Alat ini dapat menampilkan dua file biner berdampingan sehingga tempat yang sama akan berada pada posisi yang sama di kedua sisi dan byte yang hilang dari satu sisi empuk. Ini menggunakan algoritma bio-informatika dari perpustakaan 'WFA2' atau rust-bio (biasanya digunakan untuk penyelarasan urutan DNA) untuk itu. Kotak dialog untuk konfigurasi dilakukan dengan menggunakan cursive .

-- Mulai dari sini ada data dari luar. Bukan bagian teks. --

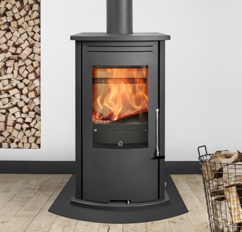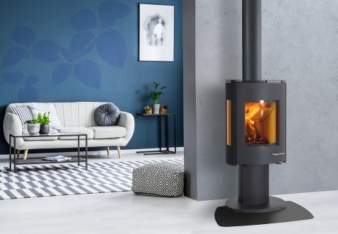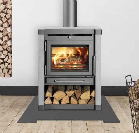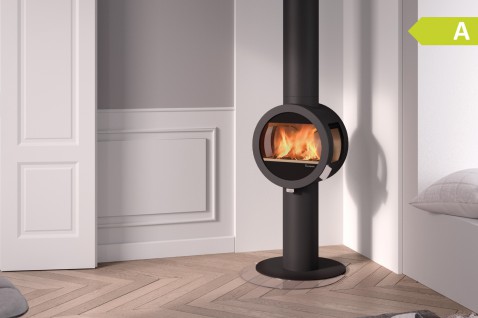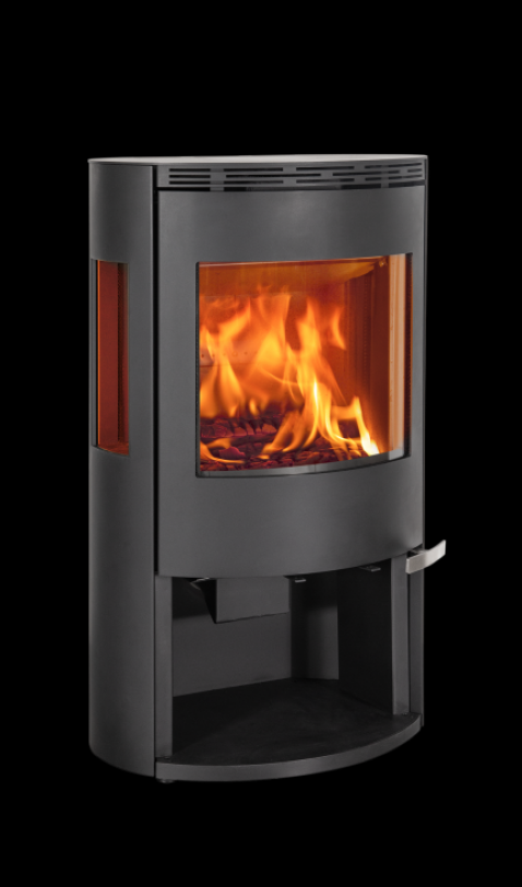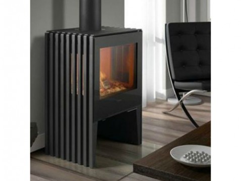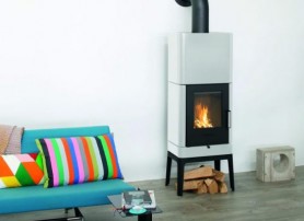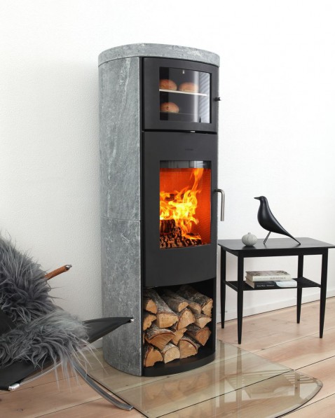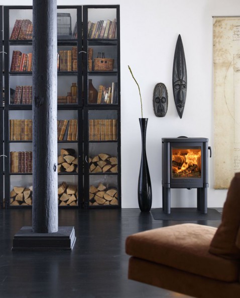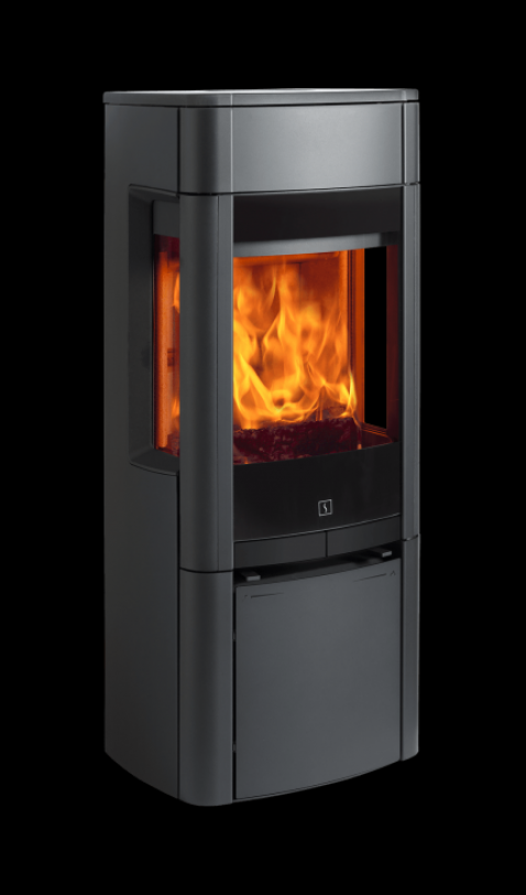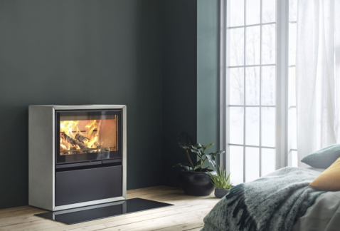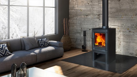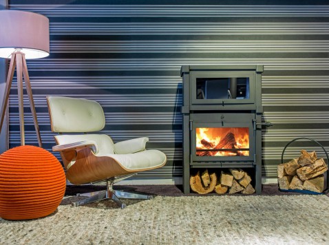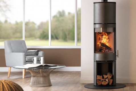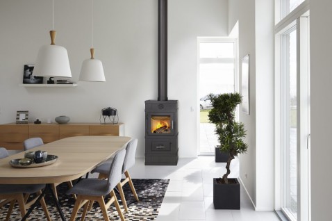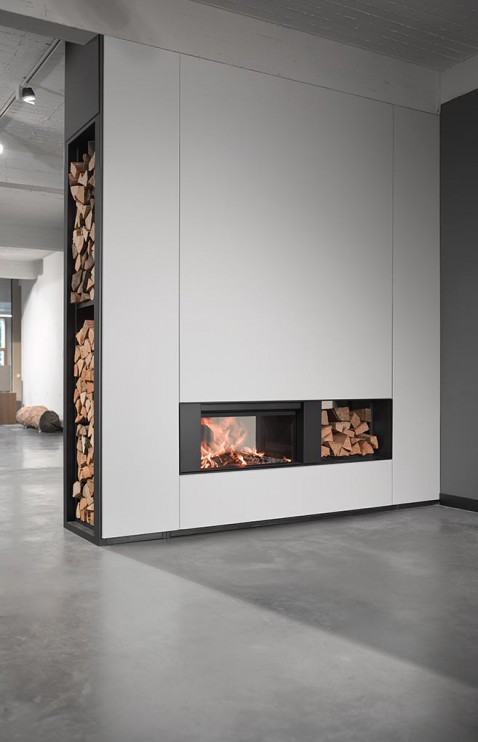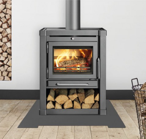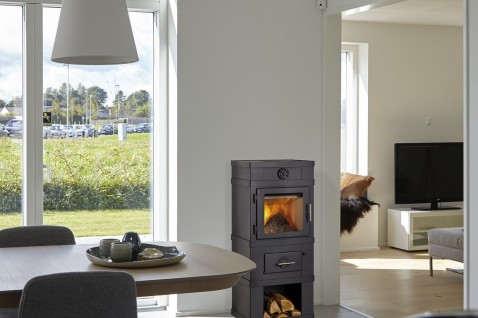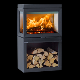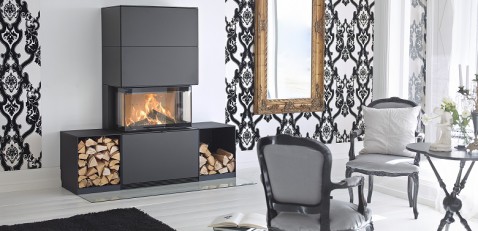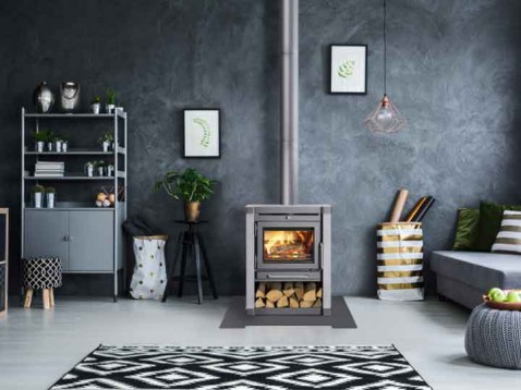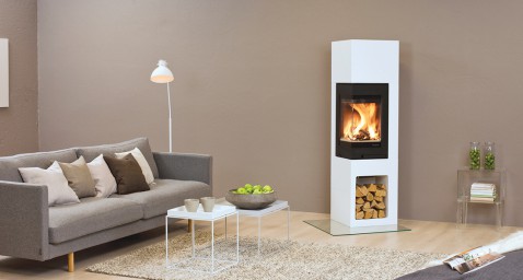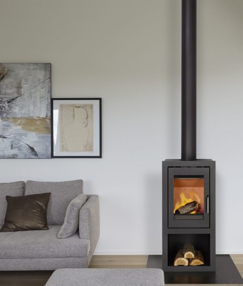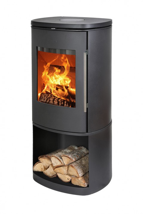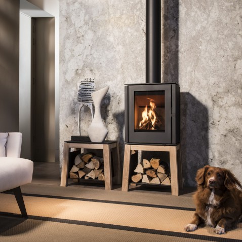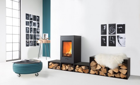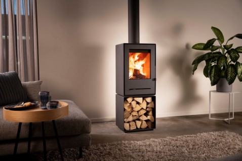 Een strakke, gestroomlijnde houtkachel die eventueel uit te breiden is met stijlvolle onderdelen voor houtopslag.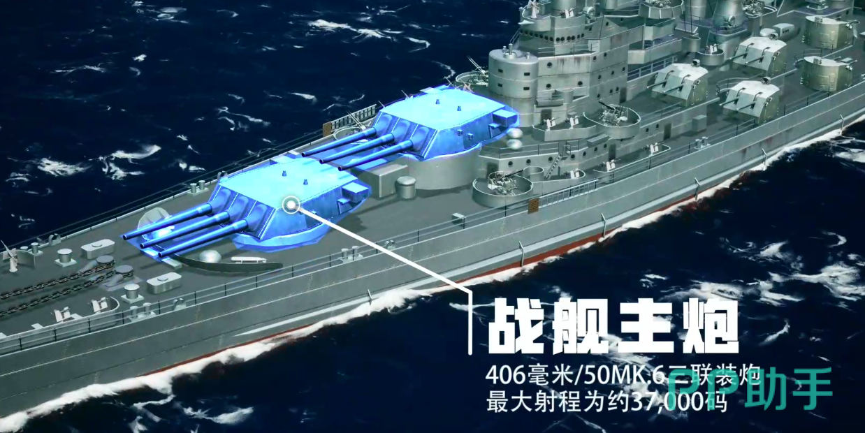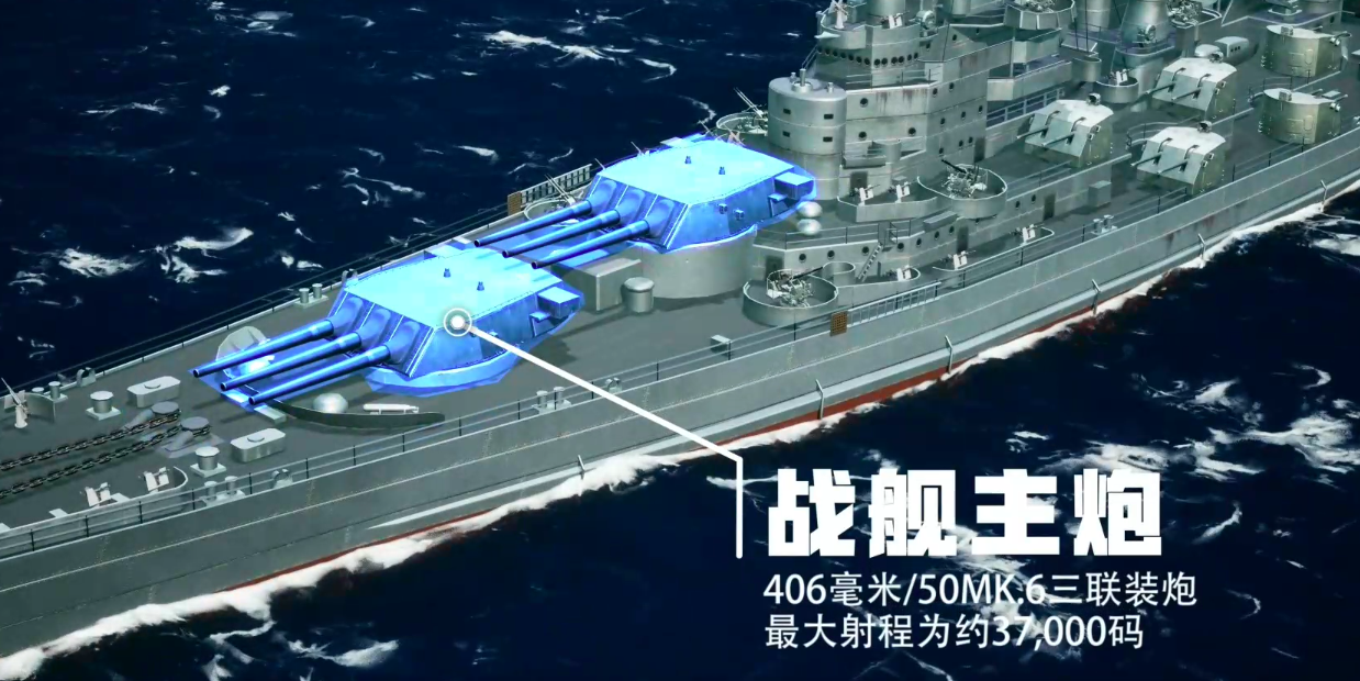 火力配置方面,主炮采用3座三联装406毫米/50倍径MK.6舰炮,最大有效射程达37000码(约33830米),具备远距离压制与穿甲打击能力;副炮系统由10座双联装127毫米/38倍径MK.12高平两用炮构成,兼顾对海与中低空目标拦截;防空体系则由15座四联装博福斯40毫米高射炮与36门单装厄利孔20毫米机关炮组成,形成近程密集弹幕,专精应对俯冲轰炸机等高速突防单位;核心防护上,主装甲带最厚处达305毫米,可有效抵御同级战列舰主炮的常规射击角度命中。

[ , ] , 0 Jalankan biodiff file_a file_b di terminal dan Anda harus dijatuhkan ke tampilan hex yang menunjukkan dua file berdampingan. Awalnya, file tidak akan disejajarkan dan ditampilkan tanpa celah di setiap sisi. Dengan memindahkan kursor dan melihat ke tempat di mana sisi kiri dan kanan serupa dan menekan F3 (atau 3 ), mereka dapat disejajarkan. Ini dilakukan blok demi blok dalam konfigurasi standar, yang berarti bahwa byte di dekat kursor disejajarkan terlebih dahulu dan blok selaras lebih lanjut ditampilkan kemudian di kedua sisi.
Dimungkinkan juga untuk melakukan penyelarasan global (dari seluruh file sekaligus) dengan mengubah pengaturan menggunakan F4 (pastikan untuk berkonsultasi dengan bantuan pada parameter). Secara umum, karena dibutuhkan waktu dan ruang kuadratik, penyelarasan global tidak akan bekerja dengan baik untuk file yang lebih besar dari 64kb. Ada juga algoritma "banded" yang lebih cepat, tetapi sedikit kurang akurat.
Anda juga dapat memilih wilayah pada satu file dan dengan menekan F3 algoritma Aligning akan melakukan penyelarasan semiglobal menggunakan byte yang dipilih sebagai pola untuk menemukan byte yang sesuai pada file lain.
Dimungkinkan juga untuk mencetak diff langsung ke terminal dengan menggunakan biodiff --print file_a file_b . Dalam hal ini (jika file cukup kecil untuk tidak memakan waktu terlalu lama), Anda dapat menambahkan bendera -gglobal untuk melakukan penyelarasan global (sebagai lawan dari blockwise, yang lebih cocok untuk penggunaan interaktif).
Jika Anda beruntung, akan ada paket yang tersedia di manajer paket utama Anda, lihat halaman repologi. Harus ada file biner yang dapat diunduh untuk beberapa lingkungan di bawah halaman rilis. Atau, Anda juga dapat menginstal ini menggunakan cargo dengan melakukan cargo install biodiff . Anda akan perlu CMake diinstal untuk fitur wfa2 untuk dikompilasi. Perhatikan bahwa jika Anda menggunakan Windows, Anda perlu menggunakan target x86_64-unknown-linux-gnu jika Anda ingin memiliki dukungan wfa2 .
Anda juga dapat mengeksekusi langsung menggunakan kode dari repositori ini dengan mengeksekusi cargo run --release -- file_a file_b . Perhatikan bahwa file konfigurasi hanya dijamin untuk tetap kompatibel di antara rilis yang ditandai.
Secara default, pengaturan disimpan dalam direktori pengguna khusus platform. Untuk menggunakan direktori Pengaturan Kustom, atur variabel lingkungan BIODIFF_CONFIG_DIR ke jalur direktori yang diinginkan sebelum menjalankan biodiff . Jika direktori tidak ada, itu akan dibuat secara otomatis.
Proyek ini dilisensikan di bawah lisensi MIT.